The Walkout
“I think 90% or more of a lift that’s missed is because of improper setup, right when they set up and right when they start to move down. If something is a little bit off as soon as you start to come up, you can’t make an adjustment with a heavy load on your back, it’s almost impossible.”
- Ed Coan
If you don’t know, Ed Coan is arguably the greatest Powerlifter of all time, he was certainly the most dominant strength athlete in the world during the 80’s and 90’s. Lifting weights at 100kg bodyweight that the biggest super heavyweights couldn’t touch. In old kit and soft knee wraps he squatted 423kg at 99.4kg bodyweight and the set up was meticulous.
His appreciation for the walkout was unparalleled and it was, in his mind, a key component of why he was so dominant in the squat.
It was controlled, precise and very, very effective. It is something I learned from him very early in my lifting career and is something I am very much for perfecting in the lifters within the Podium Program.
Rituals, Habits and Parroting
I see a lot of lifters currently with some very varied techniques for walking out, there is process there for sure but it lack some of the key components to mastering this skill.
Large steps backwards from the rack
4-5 steps plus before finally settling into the start position
Lifting of the the heel to ‘wiggle’ the foot into position
We all have rituals before we lift and these rituals become habits, and we will likely draw influence from the people we either train with or see train via social media to develop these rituals and habits in the first place. But if you stood back and analysed your own walkout and you did any of the above you would not consider it particularly efficient.
Maybe it is the Equipped lifter in me but the walkout is so important to get right, for me it must be a process of efficiency.
I would often tell people that the walkout is harder than the squat itself. You are so exposed moving from one leg to the other with weights far in excess of your raw best. Feeling like the world is closing in around you as the pressure builds and builds, you are aware of so little other than the feeling of being slowly squashed that the process of the walkout must become autonomous
Practice, Practice, Practice
It starts from the first warmup set to the heaviest working set, every day, every week, month and year.
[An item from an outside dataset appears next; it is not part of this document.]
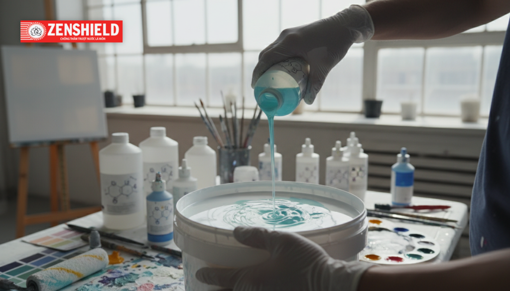 Đối với các dòng sơn thùng đóng gói sẵn từ các thương hiệu uy tín (như Zenshield), nhà sản xuất đã tính toán tỷ lệ phụ gia tối ưu (công thức vàng) để đảm bảo các tính năng đã công bố. Việc bạn tự ý pha thêm các loại phụ gia trong sơn không rõ nguồn gốc hoặc không tương thích có thể gây ra phản ứng hóa học ngược. Hậu quả là sơn bị vón cục, tách lớp, hoặc mất đi khả năng bám dính.

You ingrain the perfect walkout into your nervous system so when the time comes and you are facing down a new personal best using weights you never thought you would have on the bar you can rely on the walkout being perfect. Setting you up for success in the squat itself.
The approach must be very deliberate and highly focused. Just because you could take more steps, larger steps, wiggle the foot does not mean you should. You could jump with the lighter weights when you warmup for the squat, and the reason you don’t is to refine the lift, the walkout is no different.
What does the perfect walkout look like?
The 3 Step Walkout
If you watch the very best lifters in the world you will star tot see patterns emerge, and for all the classic lifters reading this I really thing watching how equipped lifters approach the walkout would give great insight into the skill of it.
The inspiration for this newsletter was from watching 2 x World Classic Champion Tony Cliffe squatting recently in equipment, the precision and efficiency displayed at 410kg was incredible. Three very small steps and only a few inches from the rack itself. The key is the three steps but there are a few things before that happen that can make or break the walkout.
Set Up; Once under the bar set your feet close to what your stance for the competition squat is. This is important for minimising movement in the walkout and increasing movement efficiency.
Unracking; prior to unracking the bar you MUST brace. It is exactly the same process as before the squat. Taking a big breath in and expanding the belly will create all the stability you need to control the bar. Hold this brace for the whole set up
Patience; now take a second find your balance. You don’t want to step back to early with a lot of backwards momentum. Your weight will be to far on your heel and you will feel off balance
The First Step; the first step needs to be back and slightly to the side. We are talking about a foot width to the side and a foot length back
The Second Step; again go back a slightly to the side. One foot width and one foot length
The Final Step; Whichever leg you used first must now take a final movement to the side, around half a foot width. And breath out
Squat; Wait for the signals, create a final brace and begin the squat
Don’t Sweat The Details
Although this seems like a very minor topic when it comes to success in competition I believe it epitomises being all over the detail and those are the things that will separate the lifters who are great from those that are not.
Develop a process and drill it over and over again to increase your squat success.